The need for fats in animal dogs is an order of magnitude higher than that of pets, so experts recommend mixing melted beef and fish oil into the food. Rye bread is given only in dried form and only as a delicacy. If you don’t like brushing the teeth of the German Jagdterrier, treat your dog with cartilage and sometimes flat spongy bones more often. It is both a source of collagen and at the same time a “brush” that removes food plaque. Vitamin complexes from a zoo pharmacy will also not be superfluous, but it is better to select them after a veterinary examination.
Owners who want to save their own time and effort are switching yagadov to dry food. This is okay, but for industrial food to be beneficial and completely replace a balanced natural diet, you need to choose varieties of the premium and holistic segment. Regarding the frequency of feeding, an adult Jagd Terrier should be fed twice a day; a puppy under the age of 2.5 months – five times; a baby from 2.5 to 4 months – four times; a teenager from 4 to 8 months – three times a day.
Like most working breeds, German Yagdy does not suffer from excessive soreness and does not inherit from their parents dozens of genetic ailments that interfere with an active life. An exception to the general rule is the displacement of the lens, inherent in all representatives of the terrier group, and Ehlers-Danlos syndrome.
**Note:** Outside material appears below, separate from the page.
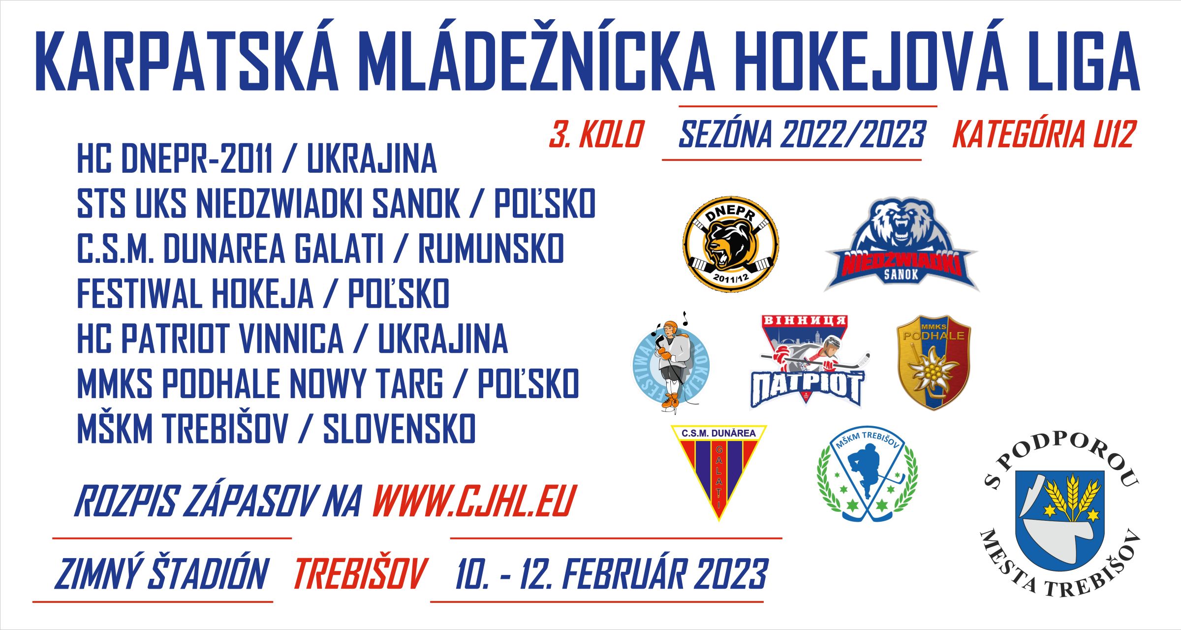 Mestský športový klub mládeže Trebišov organizuje na Zimnom štadióne v Trebišove 3. kolo Karpatskej mládežníckej hokejovej ligy v kategórii U12.
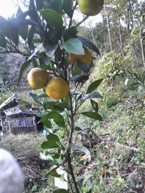 山際にミカンの苗を3本植えた。2年目。2本の木に着果した。おいしいミカンがなったら、もっともっと植えよう。風情のある構築物はストーブ燃料の薪小屋と製麦施設。

The latter disease also occurs in other breeds and manifests itself in excessive elasticity and flabbiness of the skin.
To this day, Ehlers-Danlos syndrome is not treated, so the only thing that can be done for an animal with such lesions of the dermis is to minimize the risk of injury and tissue rupture, which will then have to be sewn up by a veterinarian. German game terriers are not insured against infectious and viral diseases, so do not neglect vaccinations against distemper, rabies, and piroplasmosis. This is especially true for dogs that regularly hunt and risk catching the disease from wild animals and ticks.
How to choose a puppy?
- For frequent hunting trips, males of the German Jagdterrier are preferable. Bitches in working with animals are often interfered with by heat, during which concentration of attention and endurance decrease.
- Observe how the animal behaves with its littermates. Little Magda often arranges fights in which there are winners and losers. If during the conflict, the puppy found himself an outsider and retired at the beginning of the battle, this indicates his cowardice and inconsistency as a future hunter.
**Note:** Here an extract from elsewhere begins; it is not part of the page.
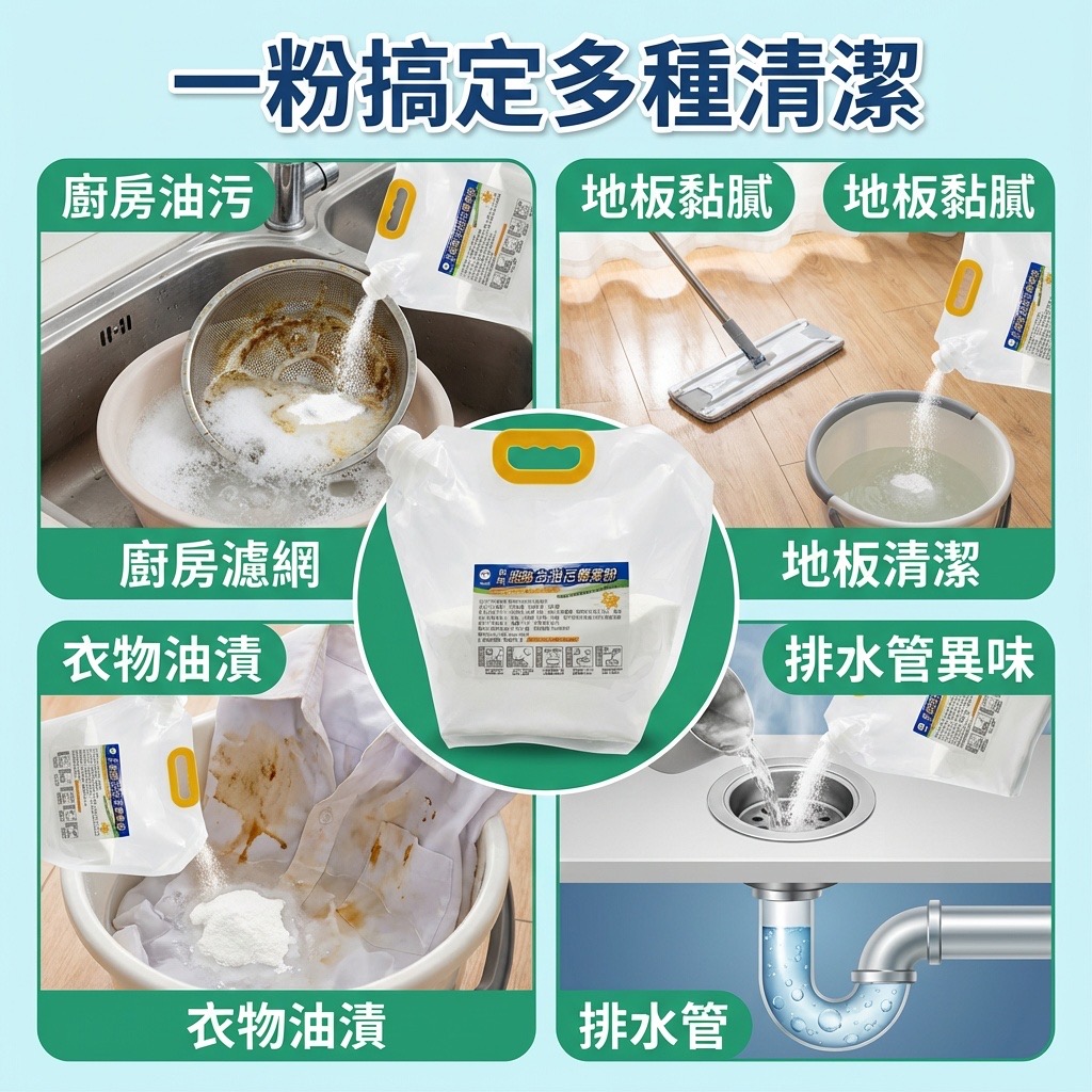 適合家庭、餐廳、工作場所日常清潔,一粉多用更方便。

- Hunting experience and working diplomas of puppy parents are important attributes. Good viciousness and toughness are inherited by German jagdterriers.
- Check the accuracy of the information provided by the seller about the litter and sires. Contact the breed club of game terriers and find out if the mating was really planned and whether the puppies were born after it claims pedigrees.
- Do not choose the cockiest and aggressive baby. Having matured, such an animal will have an explosive character, which will complicate the process of education and training.
- A correct German Jagdterrier puppy will not be afraid of the presence of a stranger in the kennel but will resist when trying to turn him over on his back. Such a reaction is considered normal and adequate unless the baby chokes with squeals and growls.